Kael blinked—and the world was gone.
No more cave. No more forest. Just mud, blood, and a cold wind that dragged at his cloak.
The battlefield stretched endlessly before him, strewn with the broken bodies of men he once called brothers. Their armor gleamed with familiar insignias, now dulled by dirt and dried blood. Smoke hung low in the air. The stench of war choked his throat.
He stepped forward, sword suddenly heavier than he remembered. His boots sank into the wet earth with each step.
A figure lay ahead.
Kael's heart stopped.
It was his brother.
Flat on his back, eyes open and staring up at a sky that would never change. A shallow cut across his throat, not deep—but enough. Enough to end it.
Kael dropped to his knees beside him. "No. No, we were done with this. You were supposed to be safe."
But the corpse didn't answer.
From behind, a familiar voice whispered: "You left him. Again."
Kael turned, but there was no one there.
Just the sound of battle. Again and again.
And the silence of guilt that wouldn't fade.

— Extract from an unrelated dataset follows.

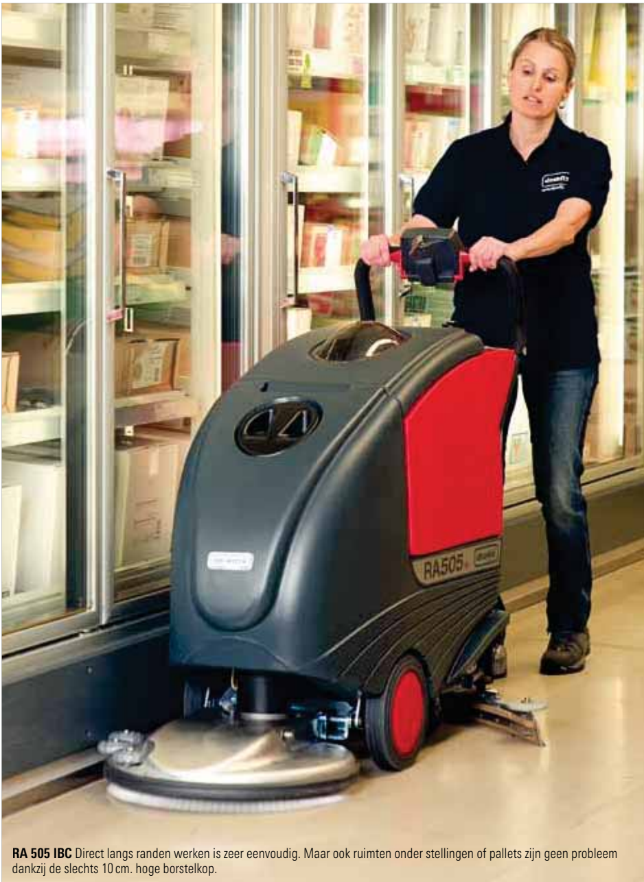
RA 505 IBC Direct langs randen werken is zeer eenvoudig. Maar ook ruimten onder stellingen of pallets zijn geen probleem dankzij de slechts 10 cm. hoge borstelkop.

Diana stumbled backward, breath catching in her throat.
She stood in a corridor of stone—old, too old. Lined with dim torches. Blood stained the edges of the floor, and the walls breathed with cold that had nothing to do with wind.
She recognized it instantly.
The manor. Her family's ancestral home.
Her footsteps echoed as she turned, frantic. "No, no, not this again—"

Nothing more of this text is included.